Takeover spree adds sales at SportingBet
- Added:
- Jul 31, 2002
The company said turnover for the period leapt from £111.5m to £248.1m, though pre-tax losses also rose 50% to £1.5m as administration expenditure grew. Sportingbet's cash position improved by more than £11m to £17.6m, while net stated assets also leapt to £131m, reflecting its enlarged status following the acquisition of Sportsbook and UK firm Sporting Odds, which it acquired in last month.
The group struck a deal with Barclays Bank to provide Sportingbet with bridging facilities to cover the deferred consideration due to be paid to Sportsbook's former owners. Sportsbook has traded above expectations since being bought in July last year, the company said.
Sportingbet FD Andy McIver said: "Its been a fairly quiet quarter but we have made good progress in terms of customer growth and will be fully profitable at the end of the year, some 12 months ahead of expectations."
In a tradionally flat period for sporting events, the company continued to make progress in attracting new customers, entirely by way of organic growth; nearly 50,000 have been added since the end of March. It said the World Cup directly contributed 11,000 new customers and more than 300,000 bets were placed.
McIver revealed that the company is to launch its own peer-to-peer betting exchange in the UK and US in the coming weeks. He said: "We have partnered with Trading Sports in the UK, which is acting as a third-party to bring together other bookmakers into the fray.
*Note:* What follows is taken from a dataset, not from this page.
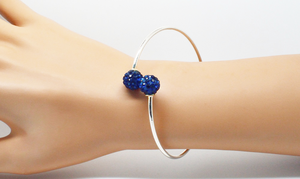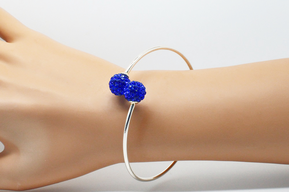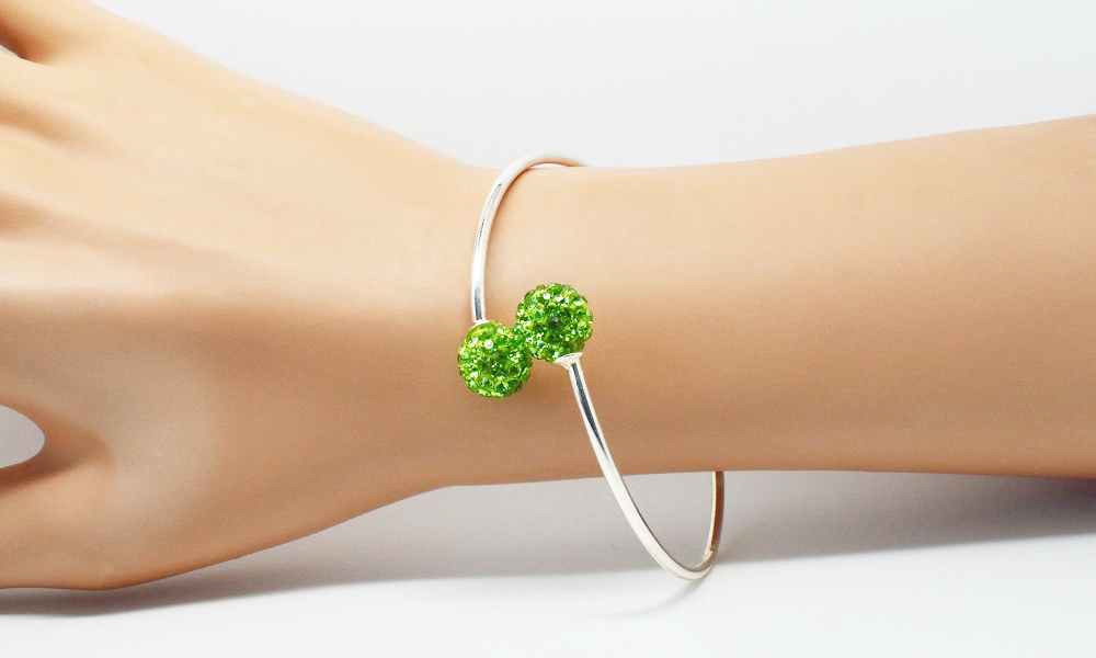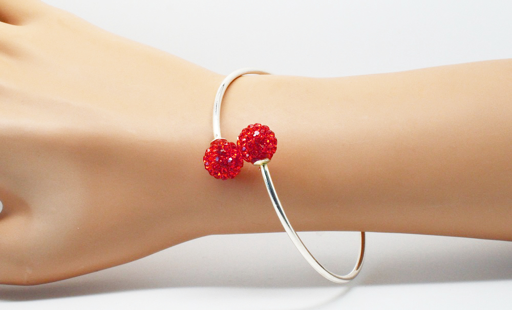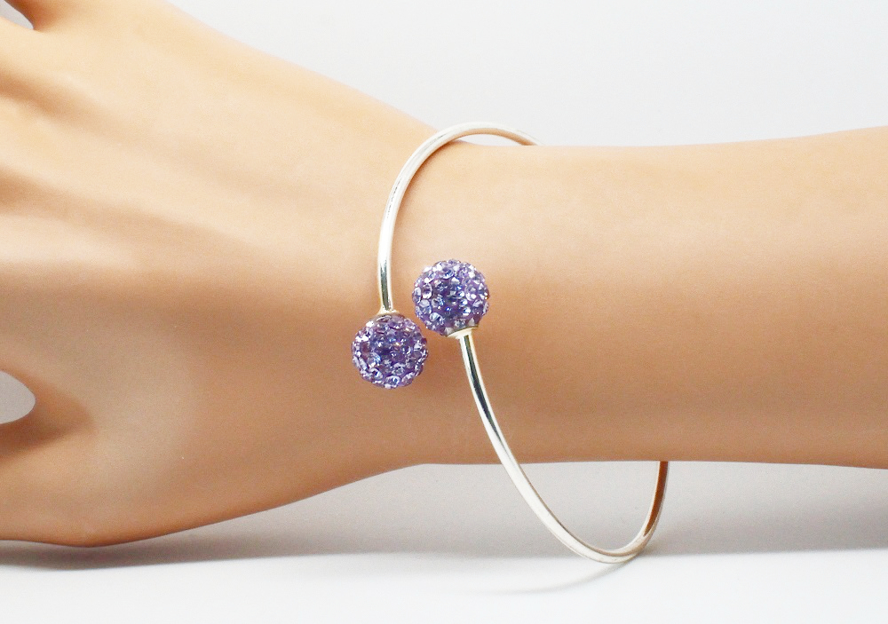 Bracelet jonc argenté perle disco. Angéline Disco – Bracelet jonc argenté rigide, réglable terminé par des perles strass, de couleur. Portez le seul assorti à votre tenue, ou empilé avec vos autres bracelets.

In the US, we have 500,000 customers, and believe that this user base offers the liquidity needed to operate a peer-to-peer exchange."
Recent attempts to introduce hardline regulation of the online gaming market in the US have been resisted and McIver believes that, for the first time, a pro-online gaming bill will be brought before the House next year.
"I expect this to fail but it will represent an important first step towards liberalisation. Gradually, those congressmen behind the negative bills are finding it harder and harder to find sponsorship. In any case, we are four or five years away from a solution in the US," he said.
Sportingbet recently secured a bookmaker's licence in the UK and has relocated from Alderney to take advantage of changes in gaming advertising laws, allowing it to market its services to the 100,000 UK-based customers it has on its books, as well as other prospective punters.
Shares shed 4.4% to 76.5p, valuing Sportingbet at £117m, a discount to net assets.